Oleh: Said Latuconsina
Sejarah mencatat bahwa kejayaan suatu bangsa sangat ditentukan oleh kemampuannya memaknai jati diri dan lingkungannya sebagai kekuatan, serta memanfaatkan kelemahan lawan menjadi peluang untuk ciptakan keunggulan. Sebaliknya, bangsa yang mengabaikan identitasnya serta gagal mengerahkan sumber daya yang dimiliki secara efektif dan adaptif, tidak akan tampil lama dalam sebuah pentas sejarah.
Perang Punisia pada abad ke-3 SM antara Republik Roma dan Kekaisaran Kartago memberikan pelajaran berharga tentang transformasi orientasi jati diri sebuah bangsa. Roma, awalnya merupakan negara dengan kekuatan kontinental, bertransformasi menjadi kekuatan maritim, sementara itu Kartago, yang semula berjaya sebagai kekuatan maritim, perlahan kehilangan identitas kelautannya ketika beralih ke orientasi kontinental. Pergeseran ini berkontribusi terhadap keruntuhannya, hilang dari panggung sejarah, sementara Roma justru berkembang menjadi kekuatan besar.
Perang Punisia: Transformasi Roma dan Kejatuhan Kartago
Perang Punisia I (264–241 SM) berawal dari perebutan kekuasaan atas Sisilia, sebuah wilayah strategis yang berada di jalur perdagangan Mediterania.
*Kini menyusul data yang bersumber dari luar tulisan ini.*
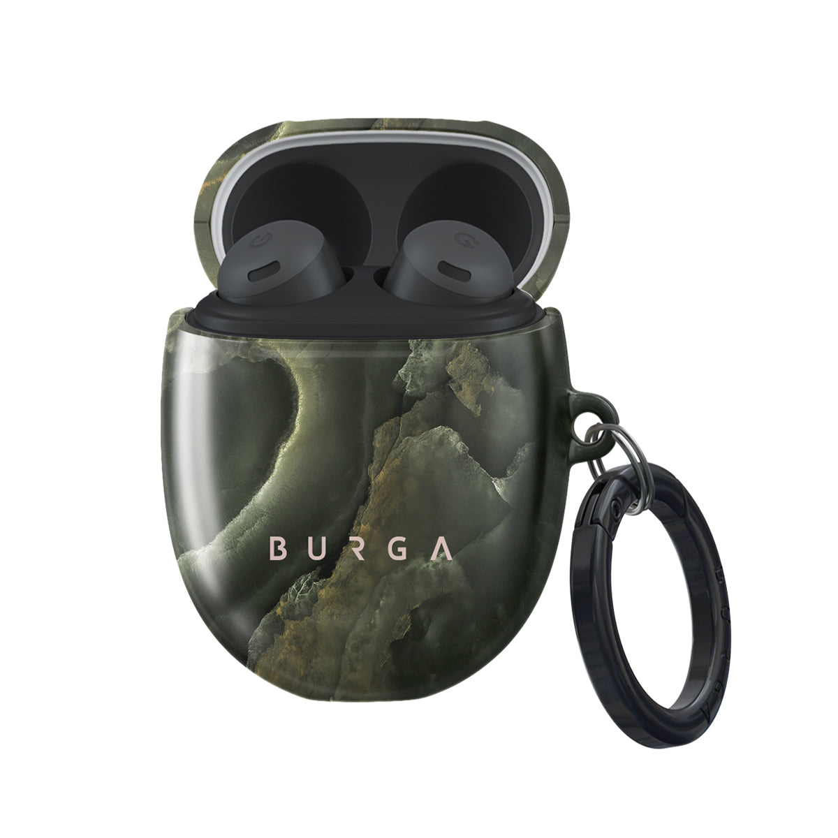 The Misty Forest Google Pixel Buds Pro case cover combines several deep green shades into a green marble dream, making y Our case stand and become a fashion piece instead of just being your usual and boring protective case. Our case fits perfectly snug around Google Pixel Buds Pro . “Like a glove!” one might say. And it won’t disrupt the wireless charging capabilities of the newer model. There’s even an LED light indicator to prove it (don’t worry, wired charging still works, too). When fitted, the BURGA case will protect the delicate Google Pixel Buds Pro case beneath it from scratches, bumps, and drops while remaining scratch-free itself. Our signature design pattern prints are High Quality, and will never peel or fade away- thanks to our unique printing technology. And finally, a handy carabiner is there to make your life easier and more convenient: just snap it around your keys or belt loop and tackle the day head-on. Your music is right there by your side when you need it.

Pada masa itu, Kartago dipimpin oleh para jenderal tangguh seperti Hanno Agung dan Hamilcar Barca, yang berasal dari keluarga militer paling berpengaruh di Kartago. Mereka memimpin armada laut yang unggul dalam penguasaan laut Mediterania. Namun, seiring berjalannya waktu, Kartago mulai kehilangan fokus pada laut. Ambisi ekspansi ke daratan Iberia (Spanyol modern) dan Afrika Utara membuat kekuatan maritimnya melemah, sehingga supremasi laut yang semula menjadi kejayaannya tidak lagi terjaga.
Sebaliknya, Roma sebelumnya dikenal dengan kekuatan darat, justru beradaptasi secara cepat menghadapi medan perang maritim. Roma tidak lagi mengandalkan kekuatan daratnya karena secara taktik Kartago bisa memblokade suplai logistik dan mobilitas mereka lewat laut. Menghadapi ancaman ini, Roma mulai menyusun armada laut.
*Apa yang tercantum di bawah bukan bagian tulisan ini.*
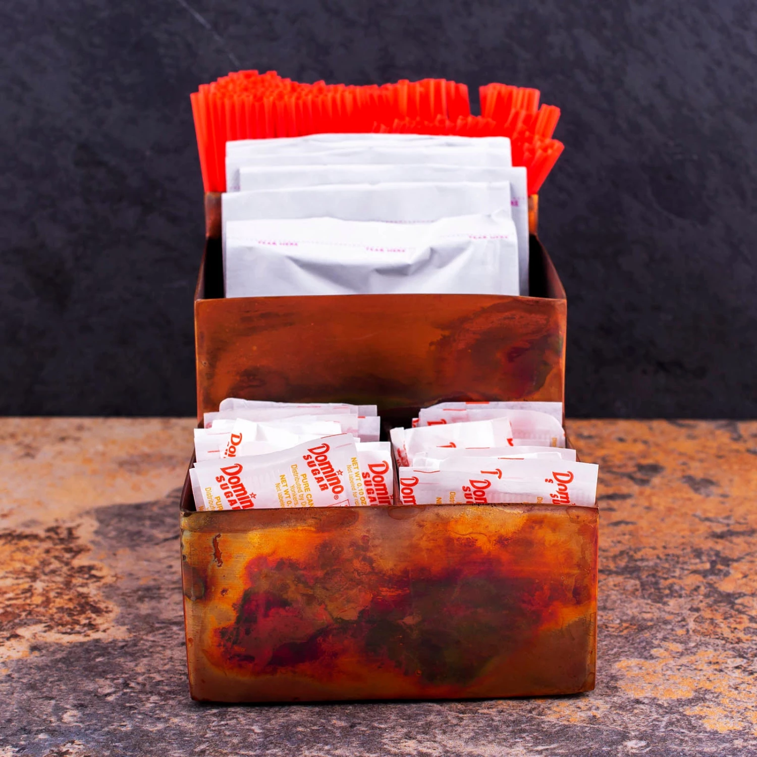 This very unique and beautiful coffee condiment caddy that is sure to stand out. It has a distinctive antique copper design that features 4 compartments that can be used for spoons, sugar packets and other supplies. This caddy measures 4″ wide and is 8″ in length.

Di bawah kepemimpinan para konsul seperti Gaius Duilius, Roma membuat kapal-kapal perang berukuran besar dan memperkenalkan inovasi corvus (jembatan sergap) yang memungkinkan prajurit infanteri Roma mengubah pertempuran laut menjadi pertempuran darat di atas kapal. Inovasi ini memberi keuntungan karena Roma unggul dalam pertarungan darat, dan bisa menerapkannya di medan laut.
Transformasi ini terbukti efektif, Roma berhasil memenangkan pertempuran penting di Mylae (260 SM) di bawah komando Duilius, menandai kemenangan laut pertama bagi Roma. Setelah serangkaian pertempuran panjang, Roma akhirnya meraih kemenangan pada 241 SM dalam Pertempuran Kepulauan Aegates, yang dipimpin Gaius Lutatius Catulus. Kekalahan itu memaksa Kartago menandatangani perjanjian damai dan menyerahkan Sisilia kepada Roma.
Perang Punisia I menjadi titik balik, Roma berhasil mengubah dirinya dari kekuatan kontinental menjadi kekuatan maritim, menjadikan laut sebagai media utama ekspansi kekuasaan mereka. Sementara itu, Kartago yang meninggalkan orientasi maritimnya justru kehilangan daya tempur, membuka jalan bagi kehancurannya pada perang-perang berikutnya.
Relevansi bagi Indonesia sebagai Negara Maritim
Indonesia, sebagai negara kepulauan dengan lebih dari 17.000 pulau dan dua pertiga wilayahnya berupa perairan, pada hakikatnya adalah negara maritim. Laut bagi Indonesia merupakan ruang penghubung yang menyatukan berbagai pulau dalam satu kesatuan geografis, politik, ekonomi, sosial budaya dan pertahanan keamanan.
Nenek moyang bangsa Indonesia adalah pelaut ulung yang menguasai jalur-jalur pelayaran penting di Asia Tenggara, bahkan hingga Samudera Hindia. Mereka membangun jaringan perdagangan dan interaksi budaya yang luas, mulai dari Maluku sebagai pusat rempah dunia hingga Afrika Timur dan Madagaskar. Fakta historis ini menegaskan bahwa identitas maritim telah melekat dalam peradaban nusantara sejak berabad-abad silam.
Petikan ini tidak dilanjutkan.